Interestingly, the two shipwrecked characters not given a top-to-bottom whiteout are the most compelling in this Italian contingent. Heather Hanna as Stephano underscores her role with an appropriate cockiness that fully supports her character's murderous ambitions. Michael Aronov, a bushy-haired Russian immigrant to Dallas, steals every scene he's in as the dimwitted but fatally honest Trinculo. It seems to me Shakespearean comedy is even more difficult to translate for contemporary audiences than the Bard's tragedy, and Aronov keeps the audience laughing with his nimble portrayal of another stock character in this playwright's stable--the wise-despite-himself working joe (see the gravediggers in Hamlet).

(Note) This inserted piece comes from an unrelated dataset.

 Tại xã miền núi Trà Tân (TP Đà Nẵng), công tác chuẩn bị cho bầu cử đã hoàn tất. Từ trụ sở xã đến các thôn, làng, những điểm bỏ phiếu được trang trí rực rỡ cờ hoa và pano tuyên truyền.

Kitchen Dog Theater's gender subversion of the original Tempest doesn't really address the concerns that director Dan Day lays out in the program essay, but it does provide recent Kitchen Dog addition Sheriden Thomas a chance to shine. The stout, acerbic Thomas already proved she could handle traditionally masculine territory with authentic performances as men in last season's Dallas Theater Center performance of Angels in America. In her performance as the angry, articulate Prospero, Thomas opts for neither butch mannerism nor femme inversion of a macho role. Her presence is pure caffeinated androgyny, and it's the production's biggest claim to sexual anarchy: Thomas' fluidity and eloquence with Shakespeare's language actually renders Prospero's gender irrelevant--she makes her character a true essence of conflicted ideas and feelings, tenderness and brutality with whom anyone can identify. I don't know if this is the kind of commentary director-adapter Dan Day had in mind, but Thomas' ambisexuality is the most memorable thing about Kitchen Dog's The Tempest.